The answer is a simple no.
What many do not realize is that officially recording a will is not one of the requirements to making a valid, enforceable will. Neither is getting the will notarized.
So, what do you actually need to get a will completed? After the will is drafted according to the proper guidelines, the will needs to be witnessed by at least two witnesses who will then sign the will indicating that they were present when the will was signed by the writer.
The witnesses must both be over the age of 18, and they cannot be beneficiaries of the will.
So, why do people think that recording a will is a requirement? Maybe because it seems so simple without having to do that extra procedural step. Sure, if you file a will down at some county government building, you are making your will more "official" in the sense that it's out in the open.
But, you could always store your will someplace more private. Like, underneath your mattress for safekeeping. A common safekeeping place is a safety deposit box in the bank.
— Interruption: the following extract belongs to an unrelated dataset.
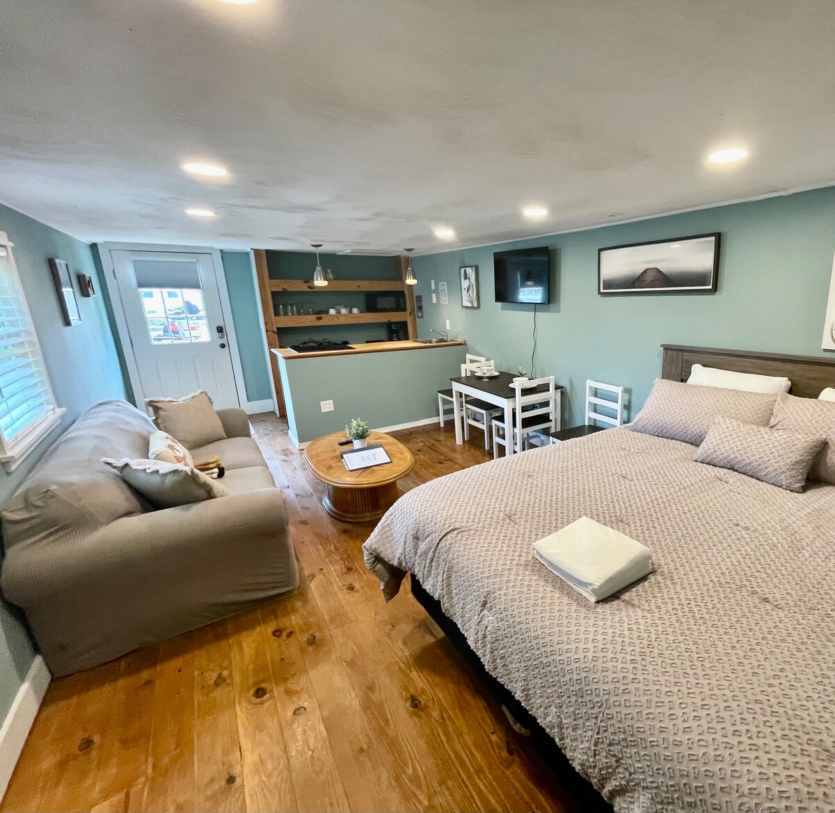 The Duck Inn is a 320 sq ft efficiency apartment adjacent to the Lunker Lodge. It has a private entrance, full bathroom, ample closet space and is furnished with a queen sized bed (new Nectar mattress), and a loveseat with full sized pullout. Kitchen area is equipped with a microwave, toaster oven, hot plate and Keurig coffee maker and basic kitchenware.

Or, maybe you'd like to keep it in the desk drawer of your study.
Either way, so long as the will has been properly witnessed, and is in compliance with the probate laws of your jurisdiction, it's valid. Of course, one drawback to not recording to will or filing the will is that if the witnesses to the will die - and if you did not inform other people of the whereabouts of the will - your last wishes may not be carried out because nobody has a way of knowing you had a will in the first place.
So, the common misconception that recording a will, or having to file a will, is not necessarily true. But, if you have any questions about the requirements of a will - which can be complicated, depending on your assets - discussing your questions with a wills attorney can be helpful.